=== Material supplied ===

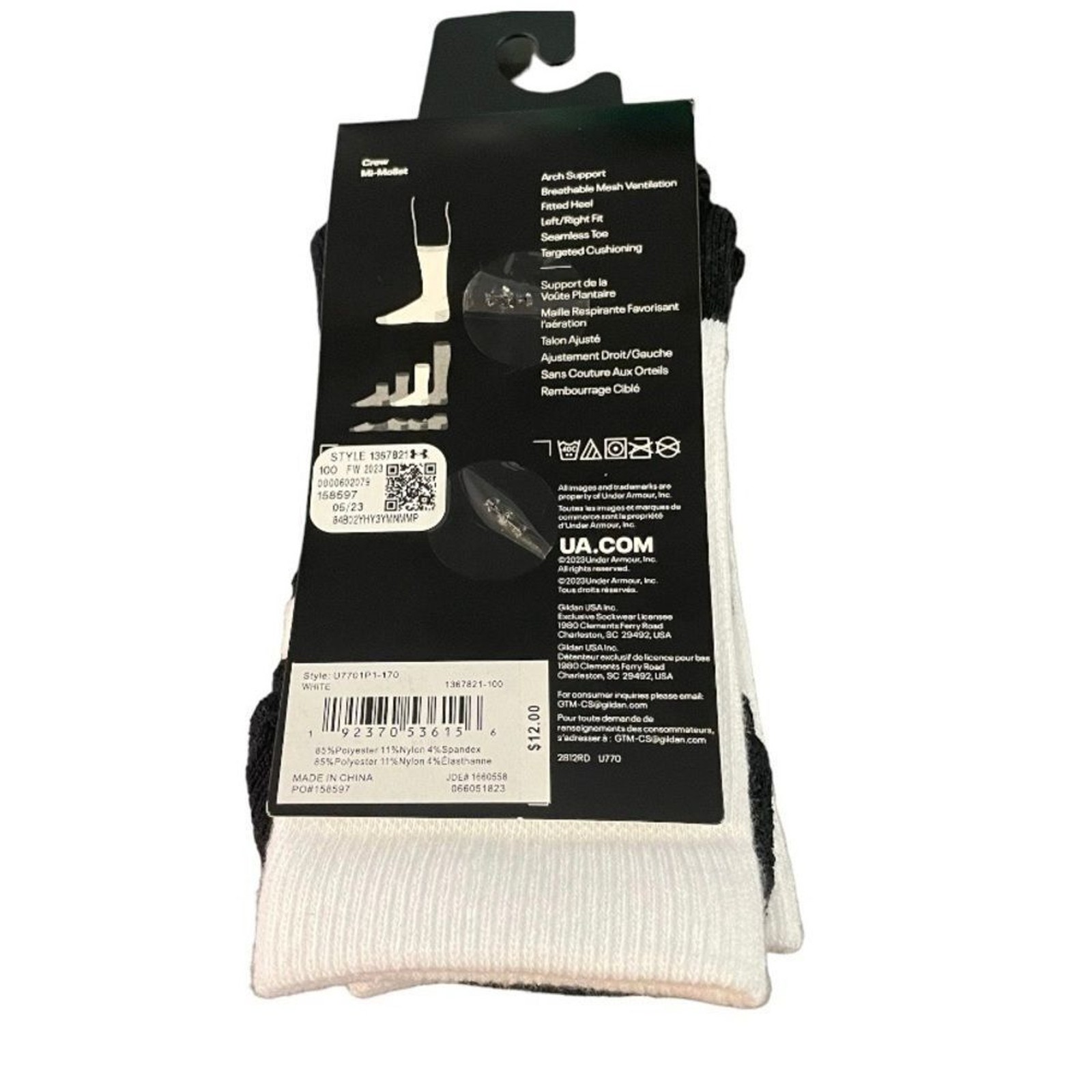 как выглядит UNDER ARMOUR kids cushioned crew socks 13.5 K- 4.5 youth, white socks , New фото
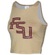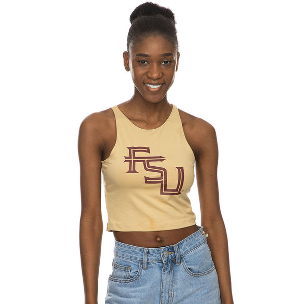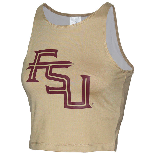 Material | 87% Polyester, 13% Spandex. Color | Gold. Women's sublimated crop top with Stacked FSU.
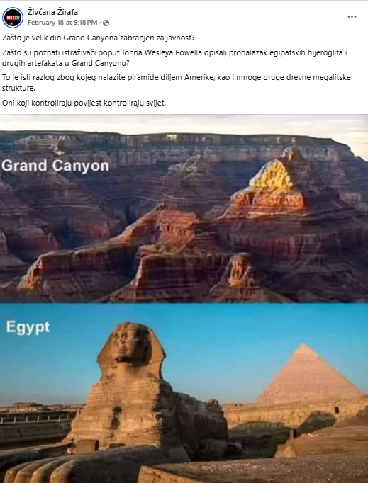 Najnovija teorija vezana uz egipatske hijeroglife i druge artefakte tiče se američkog Grand Canyona. U objavi (arhivirano ovdje) se problematizira zašto je veliki dio tog parka zabranjen za javnost:
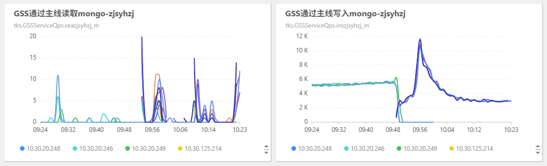 his 集群开始大量向 mongo 读写:
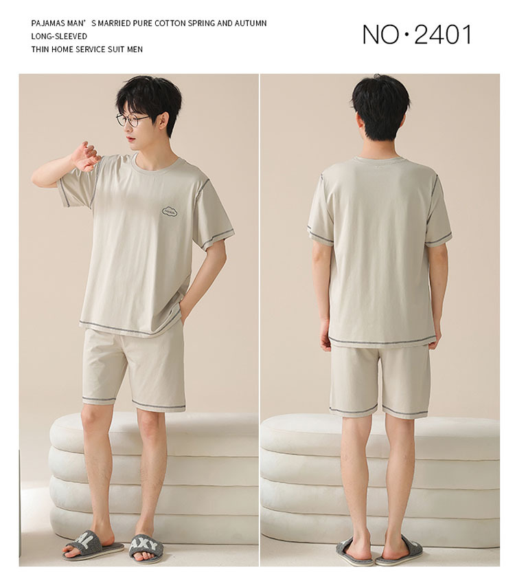 メンズパジャマ夏の純綿メンズ夏半袖スーツ薄いホームウェアカーディガン2025新しいスタイルは屋外で着用できます
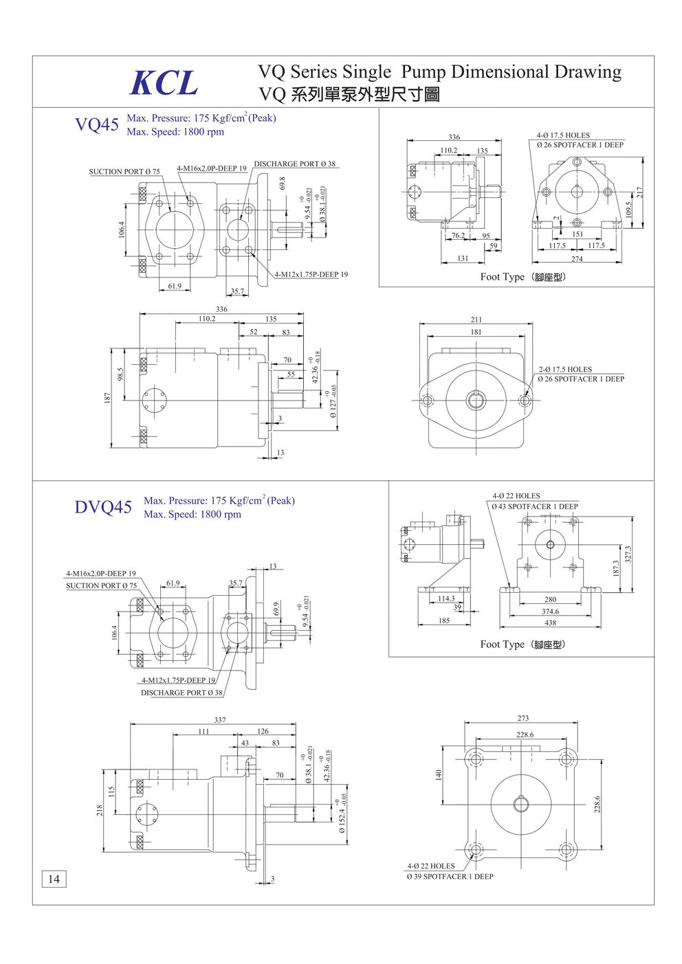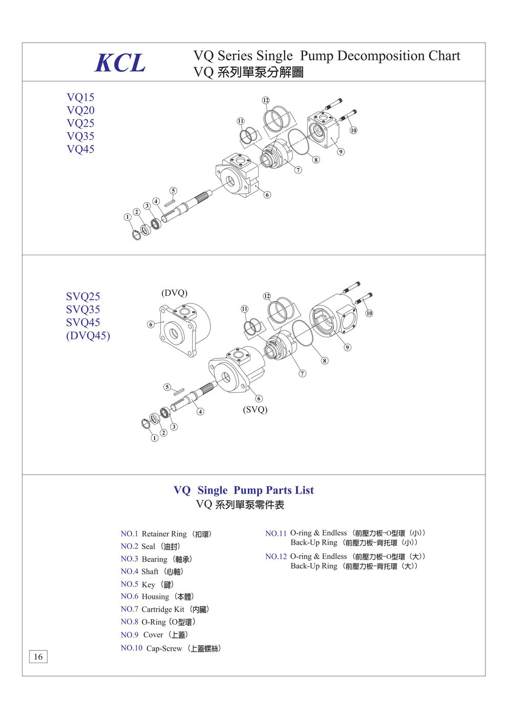 Taiwan Kaijia KCL single pump: HVQ25, VQ15, VQ20, VQ25, SVQ25, VQ35, SVQ35, VQ45, DVQ45, SVQ45.
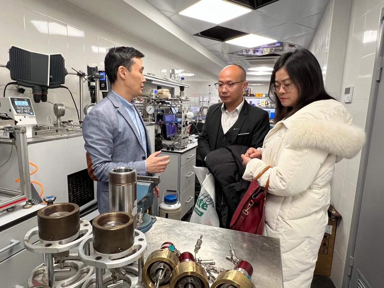 После встречи с представителями руководства вуза гости из Китая посетили лаборатории ИГиНГТ и остались очень довольны увиденным. Лю Чжаося и Сюн Цзе сказали, что смогли убедиться в том, что лабораторная база КФУ позволяет проводить полный цикл тестирования реагентов для нефтегазовой отрасли, в том числе создаваемых на основе биоразлагаемых материалов.
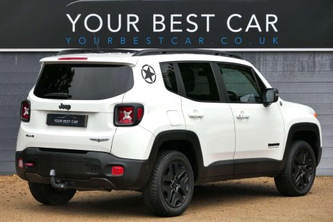 Your Best Car is thrilled to bring this Fantastic JEEP RENEGADE 2.0 Renegade Desert Hawk MultiJet 4x4 to market. Presented in Alpine White Metallic Paint and complemented by 17 inch Black "OFF ROAD" Alloy Wheels. The interior is comprised of Part Leather and Sedile Cloth with Desert Hawk Branding. Supplied with Heated Seats for Driver and Front Passenger, perfect for those cold mornings. This JEEP comes with an amazing FIXED Panoramic Sunroof with a sun blind. This Desert Hawk also includes, A Heated Leather Wrapped Multi-Function Steering Wheel, Infotainment Screen with Satellite Navigation, DAB Radio, Phone Connectivity, Front and Rear Parking Sensors, Cruise Control, Tow Bar, Dual Zone Climate Control, ISOFIX, and Selectrac II (Terrain Selector) just to mention a few. This Renegade is a truly special vehicle with lots of character, which also stands out from the crowd. The previous owner always made sure this special example was serviced by JEEP Main Dealers its entire life! Fitted with Rubber mats from the day it left the factory, you can tell this example has been cared for. This Renegades Service History is as follows; Firstly 25/04/2018 at 8,607 miles, 17/04/2019 at 19,052, 14/05/2021 at 34,094, 11/05/2022 at 38,707 miles, 09/05/2023 at 45,787 miles and Most Recently 17/04/2024 at 49,404 miles. Supplied with a Fresh MOT that passed IN MAY 2024. This vehicle has a 9-speed AUTOMATIC gearbox and a 2.0-litre Euro 6/ ULEZ Compliant DIESEL engine producing an astonishing 170 BHP. This vehicle was Mechanically Inspected at our Preparation Centre and was prepared by our AutoGlym-trained valeting team. This lovely example has a complete HPI CLEAR History Check with a certificate for your records. We are a platinum-approved Black Horse finance provider, so please call us for an INSTANT quotation. YBC was established 12 years ago - we are a proud 5/5 highly rated dealership with nearly 1,000 reviews within our dealer group so you will have a great experience with us. All part exchanges are welcome!

===

Problem
Without including any picture, set down every line above exactly as it stands.

Answer section
 как выглядит UNDER ARMOUR kids cushioned crew socks 13.5 K- 4.5 youth, white socks , New фото
 Material | 87% Polyester, 13% Spandex. Color | Gold. Women's sublimated crop top with Stacked FSU.
 Najnovija teorija vezana uz egipatske hijeroglife i druge artefakte tiče se američkog Grand Canyona. U objavi (arhivirano ovdje) se problematizira zašto je veliki dio tog parka zabranjen za javnost:
 his 集群开始大量向 mongo 读写:
 メンズパジャマ夏の純綿メンズ夏半袖スーツ薄いホームウェアカーディガン2025新しいスタイルは屋外で着用できます
 Taiwan Kaijia KCL single pump: HVQ25, VQ15, VQ20, VQ25, SVQ25, VQ35, SVQ35, VQ45, DVQ45, SVQ45.
 После встречи с представителями руководства вуза гости из Китая посетили лаборатории ИГиНГТ и остались очень довольны увиденным. Лю Чжаося и Сюн Цзе сказали, что смогли убедиться в том, что лабораторная база КФУ позволяет проводить полный цикл тестирования реагентов для нефтегазовой отрасли, в том числе создаваемых на основе биоразлагаемых материалов.
 Your Best Car is thrilled to bring this Fantastic JEEP RENEGADE 2.0 Renegade Desert Hawk MultiJet 4x4 to market. Presented in Alpine White Metallic Paint and complemented by 17 inch Black "OFF ROAD" Alloy Wheels. The interior is comprised of Part Leather and Sedile Cloth with Desert Hawk Branding. Supplied with Heated Seats for Driver and Front Passenger, perfect for those cold mornings. This JEEP comes with an amazing FIXED Panoramic Sunroof with a sun blind. This Desert Hawk also includes, A Heated Leather Wrapped Multi-Function Steering Wheel, Infotainment Screen with Satellite Navigation, DAB Radio, Phone Connectivity, Front and Rear Parking Sensors, Cruise Control, Tow Bar, Dual Zone Climate Control, ISOFIX, and Selectrac II (Terrain Selector) just to mention a few. This Renegade is a truly special vehicle with lots of character, which also stands out from the crowd. The previous owner always made sure this special example was serviced by JEEP Main Dealers its entire life! Fitted with Rubber mats from the day it left the factory, you can tell this example has been cared for. This Renegades Service History is as follows; Firstly 25/04/2018 at 8,607 miles, 17/04/2019 at 19,052, 14/05/2021 at 34,094, 11/05/2022 at 38,707 miles, 09/05/2023 at 45,787 miles and Most Recently 17/04/2024 at 49,404 miles. Supplied with a Fresh MOT that passed IN MAY 2024. This vehicle has a 9-speed AUTOMATIC gearbox and a 2.0-litre Euro 6/ ULEZ Compliant DIESEL engine producing an astonishing 170 BHP. This vehicle was Mechanically Inspected at our Preparation Centre and was prepared by our AutoGlym-trained valeting team. This lovely example has a complete HPI CLEAR History Check with a certificate for your records. We are a platinum-approved Black Horse finance provider, so please call us for an INSTANT quotation. YBC was established 12 years ago - we are a proud 5/5 highly rated dealership with nearly 1,000 reviews within our dealer group so you will have a great experience with us. All part exchanges are welcome!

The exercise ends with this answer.